Style conventions close that gap. They are agreements, sometimes explicit and sometimes just accumulated habit, about how code is written: how things are named, where spaces go, how long lines get before they break. None of these decisions affect what the code computes, but all of them affect how quickly a reader can understand it and how cleanly changes show up in version control.

This chapter covers the Tidyverse Style Guide as the standard for R, the Air formatter for automatically applying that standard, and the lintr package for catching issues that a formatter cannot.

12.1 The Tidyverse Style Guide

The Tidyverse Style Guide is the de facto standard for R code in data science. It is opinionated but well-reasoned, and following it means your code will look immediately familiar to anyone else working in R.

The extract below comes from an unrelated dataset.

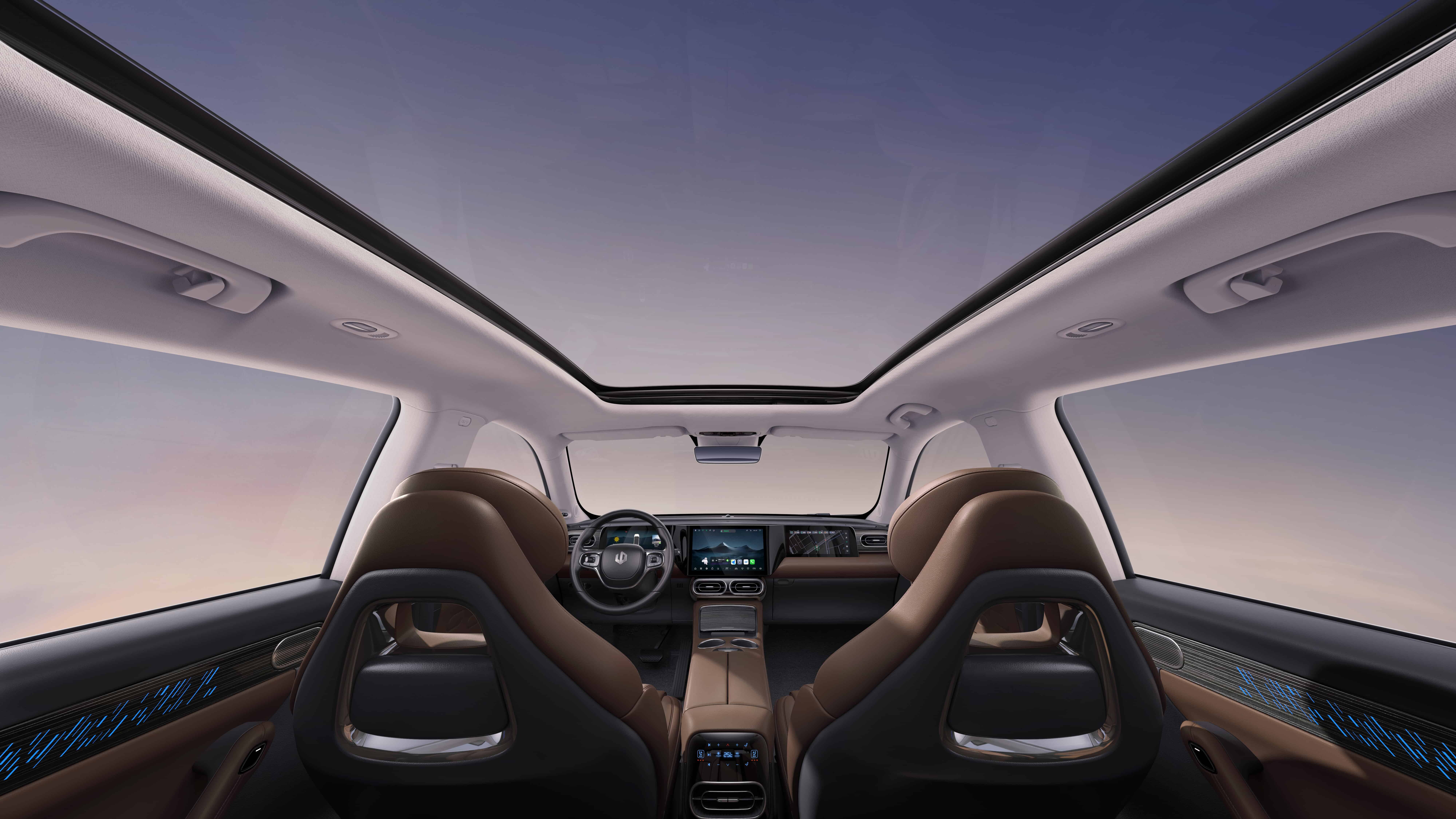 Interiören i denna kinesiska EV är en fröjd för ögat. En sträckt instrumentpanel med en display som spänner över hela bredden och en central pekskärm där du hittar alla appar och inställningar. Ovanför dig finns ett elektrokromt glastak som du kan växla mellan transparent och ogenomskinlig.

The most important conventions:

  • Names: use snake_case, all lowercase, words separated by underscores. Prefer flu_cases over fluCases or FluCases. Object names should be nouns; function names should be verbs.
  • Spacing: put spaces around most operators (<-, +, -, ==, and others) and after commas. Do not put spaces inside parentheses or before a comma.
  • Line length: keep lines to 80 characters or fewer. Long expressions should be broken across lines with consistent indentation.
  • Indentation: two spaces per level. Not tabs.
  • Assignment: use <- for assignment, not =.
  • Pipes: when chaining multiple operations, put each step on its own line, indented two spaces.

The full guide covers function naming, documentation, ggplot2 layering, and much more. It is worth reading once and returning to when questions arise. The key practical point: you do not have to memorize all of it. A formatter handles most of the mechanical rules automatically.

12.2 Formatting with Air

Air is an R code formatter written in Rust. When you save a file, it reformats the code to follow consistent conventions for spacing, indentation, and line breaks. It does not rename variables or change logic, only whitespace and layout.

The value of a formatter is that it removes style decisions from the development loop entirely. You write code, save, and Air handles presentation. Code review conversations shift from “this line is too long” or “there should be a space here” to the actual logic. Diffs in version control (see Chapter 1) show only meaningful changes, not incidental reformatting.

12.2.1 Setting Up Format on Save in Positron

Air ships bundled with Positron, so no separate installation is needed. To enable format on save, configure a .vscode/settings.json file in your project root. The quickest way:

usethis::use_air()

This creates the settings file with the correct entries. Alternatively, create or edit .vscode/settings.json manually:

{
    "[r]": {
        "editor.formatOnSave": true,
        "editor.defaultFormatter": "Posit.air-vscode"
    }
}

Committing .vscode/settings.json to version control means every collaborator on the project gets format-on-save behavior automatically, without any manual setup.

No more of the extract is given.